Final answer:
To determine the rate at which the surface area of the balloon is increasing, we first use the formula S = 4πr^2, take the derivative with respect to time, and then plug in the given values. The surface area is increasing at a rate of 16π cm^2/sec when the radius is 4 cm.
Step-by-step explanation:
The question asks at what rate the surface area of a spherical balloon increases given that the radius of the balloon is expanding at a constant rate. We will apply the concept of related rates in calculus to solve this problem.
Step-by-Step Solution:
- First, we recognize the formula for the surface area of a sphere, which is S = 4πr^2, where S is the surface area and r is the radius of the sphere.

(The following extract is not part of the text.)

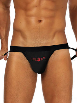 Men Sexy Thongs Bulge Pouch Underpants Trunks Underwear with Lick Me Print Mini Panties Breathable Knickers Soft Lingerie
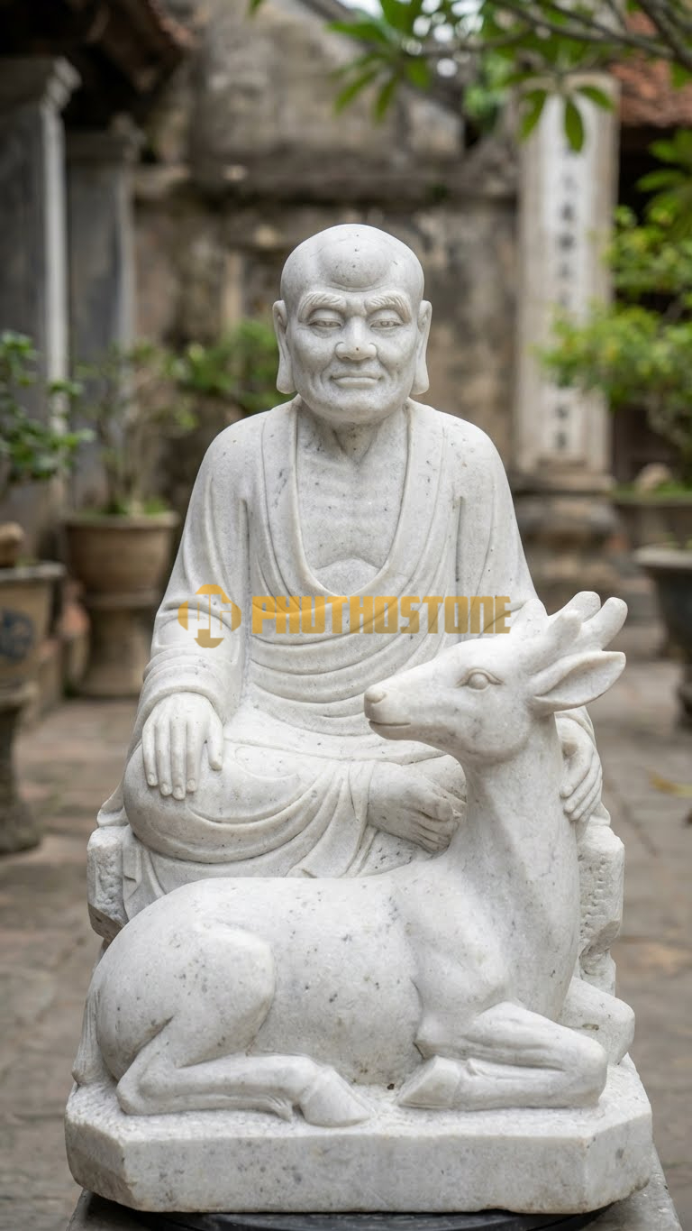 Tượng La Hán Tọa Lộc Đá Trắng Muối Nghệ An, La Hán vuốt đầu hươu

- To determine the rate at which the surface area changes with respect to time, we take the derivative of the surface area with respect to time t: dS/dt = 8πr(dr/dt), where (dr/dt) is the rate of change of the radius over time, which is given as 0.5 cm/sec.
- Now we substitute the given radius of 4 cm into the derivative equation and the rate of change of the radius. This gives us dS/dt = 8π(4 cm)(0.5 cm/sec) = 16π cm/sec.
- The rate at which the surface area of the balloon increases when the radius is 4 cm is 16π cm^2/sec.
Thus, the surface area of the spherical balloon is increasing at a rate of 16π cm^2/sec when its radius is 4 cm.